Es una buena pregunta. Primero, debemos de recordar que las escrituras son el medio escrito de la revelación de Dios en la persona de Jesús, y por ende no pueden tomar el lugar de la revelación personal de Dios en Jesús. Esto significa que nuestra devoción por las escrituras nos debe recordar que son un vehículo de la revelación de Dios, pero que la revelación máxima de Dios se da en Jesús, quien es el autor y consumador de nuestra fe. Uno puede atesorar una carta de amor, o los escritos de algún ser querido que ya no está físicamente con nosotros, pero el amor a esa persona siempre será superior.  Cuando recordamos que las escrituras no contienen absolutamente todo lo que queremos saber (sin embargo, contienen lo suficiente para nuestra salvación y santificación) sobre todo lo que quisiéramos saber, entonces debemos de recordar que nuestro Padre celestial examina nuestro amor a Él a través del amor y la comunión con los hermanos.

 

¿Hay algo más que quisieras comentar al respecto?

Hay una preocupante tendencia entre creyentes con respecto a la lectura y estudio de las escrituras. No se tiene un conocimiento del texto mismo, el cual es clave para un mejor entendimiento de la voluntad de Dios.

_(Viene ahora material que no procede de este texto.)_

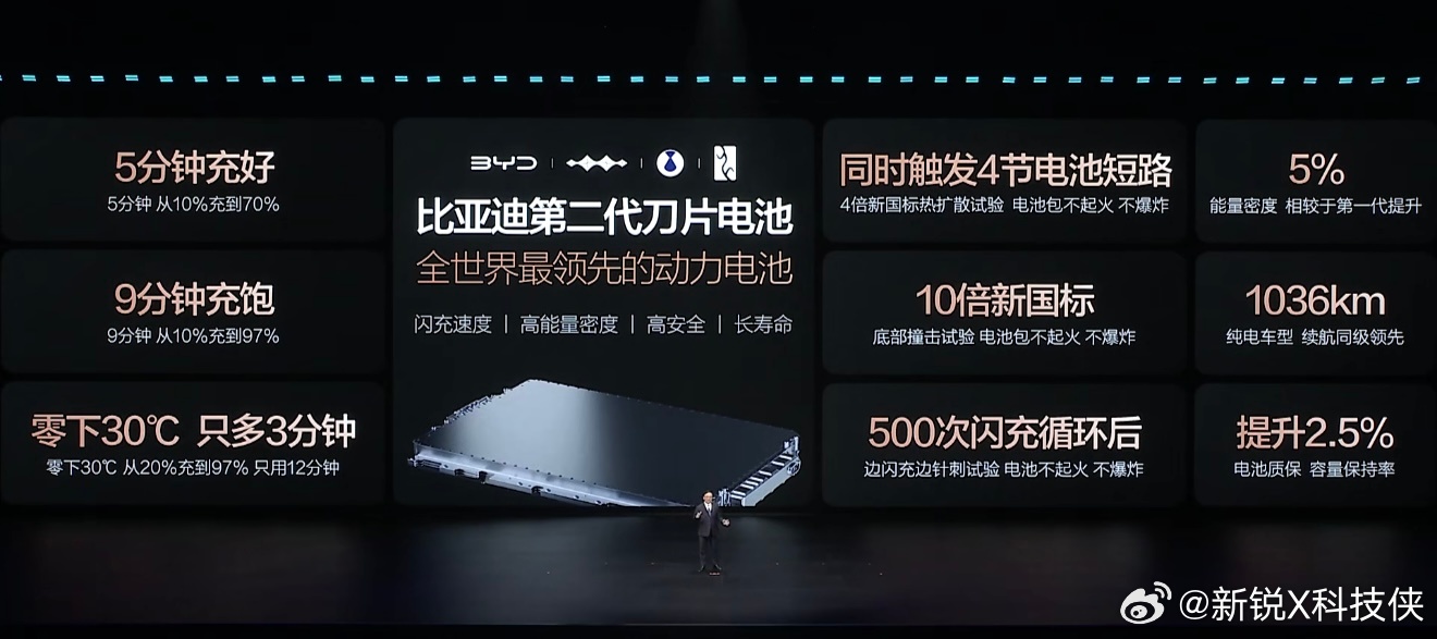 仰望汽车26款闪充焕新升级比亚迪第二代刀片电池及兆瓦级闪充技术将于今晚正式对外发布,宣告纯电动车迈入“5分钟补能400公里”时代,“电比油强”、“油比电快”的时代正式来临。

Muchos creyentes obtienen su verso del día de las redes sociales, en lugar de su propia lectura y estudio de la palabra de Dios. El problema con esto es que esos versos desconectados de su contexto teológico, literario, e histórico, se convierten en pobres excusas para un cristianismo cómodo, y sin raíces profundas. Si tu lectura y estudio de la Palabra no te está confrontando, no te está retando, no te está desafiando, no te está sacando de tu zona de confort, no te hace sentir incomodo, es probable que o no estás leyendo debidamente, o estas siendo mal guiado por otros. Enriquécete en las escrituras, pues ellas dan testimonio de Jesús para vida eterna.

 

 

Lenin Francisco Munguia Benavides es de Managua, Nicaragua. Está casado con Emperatriz y tienen un hijo, Mateo. Se convirtió junto con su esposa en el 2003. Estudiaron en el Instituto Baxter en Tegucigalpa, Honduras desde el 2006 al 2009. Luego Lenin estudió la maestría en divinidades en el Seminario Teológico de Harding en Memphis, TN, EE.UU. Ahora sirve como instructor de Biblia, Director de Vida Estudiantil en el Instituto Baxter y como maestro en una iglesia en Tegucigalpa.